Aberthaw blockade – what happened and why
December 16, 2016

Aberthaw power station’s entrance road was blockaded on Monday 12th December. Activists from Reclaim the Power took the action to highlight the impacts Aberthaw, and all other coal power stations, have on climate change and air pollution.

Around 15 people blocked the only entrance with two tripods, tall metal structures which cannot be moved easily once someone is sat in their apex. The action lasted over four hours before protesters left, with no arrests. No personal details were given although there were many police in attendance.

Generation of electricity was not affected by the action, but no vehicles were able to enter or leave the premises, causing a large amount of inconvenience and delay. This is the second action of a series against the power station. Here is a short clip of the first action, with animation showing why we need to act.

Aberthaw is the biggest emitter of nitrogen oxides relative to energy produced in Europe. Nitrogen oxides are linked to many respiratory diseases including bronchitis, chronic obstructive pulmonary disease and asthma. This pollution is concentrated in south Wales but also impacts Bristol and south west England. At present Aberthaw kills 400 people a year.

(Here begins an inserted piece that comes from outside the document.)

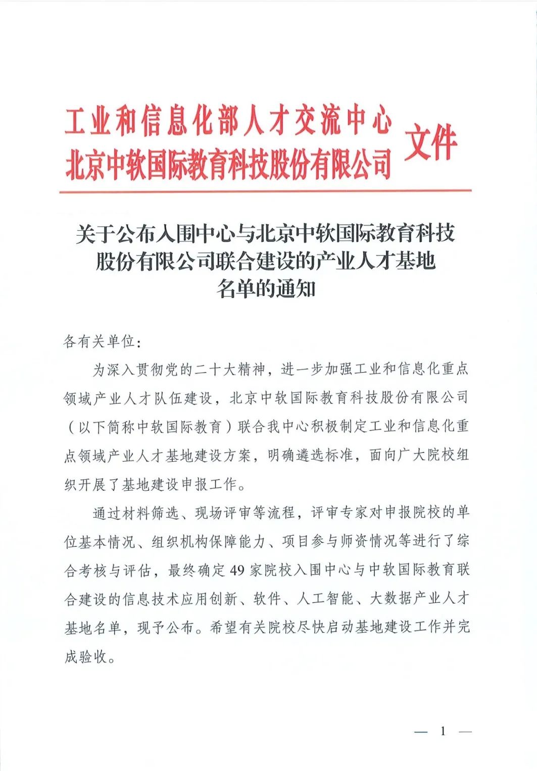 12月13日,工业和信息化部人才交流中心发布《关于公布入围中心与北京中软国际教育科技股份有限公司联合建设的产业人才基地名单的通知》,经专家评审,共有49所高校入围工业和信息化部人才交流中心与中软国际教

The European Court of Justice has ruled against the UK government for allowing Aberthaw to breach EU air quality standards for nitrogen oxides (NOX) since 2007. RWE who run the power station says it will make changes which could reduce the release of NOX by 30%. By continuing to produce nitrogen oxides the power station would still kill 270 people a year. This is simply unacceptable.

The power station is choosing not to use the best NOX abatement technology, instead it plans to make the reduction through changing the source of its coal from Welsh valleys to imported coal. Most of the coal imported for the UK power stations currently comes from Russia and Colombia, where the situations for the people living close to the opencast mines amount to cultural genocide.

RWE’s choice to marginally reduce the emissions from this power station in this way, could cause more people in Colombia respiratory diseases in order to slightly reduce the air pollution in the UK. Dust from Cerrejón coal mine, which already supplies other UK power stations, is causing respiratory problems as well as diverting the water from arid communities.

300 people from Reclaim the Power occupied the largest opencast coal mine in the UK, Ffos-y-fran, earlier this year. Ffos-y-fran supplies Aberthaw power station at present. It is important that Ffos-y-fran and all the other Welsh opencast coal mines are fully restored rather than abandoned, which is what has been happening.

The UK government are currently running a consultation into closing all coal power stations in 2025. For those at the front-lines of fossil fuel extraction and climate change this is simply too slow. This is Reclaim the Power’s submission to the consultation. Close Aberthaw and the other coal power stations now!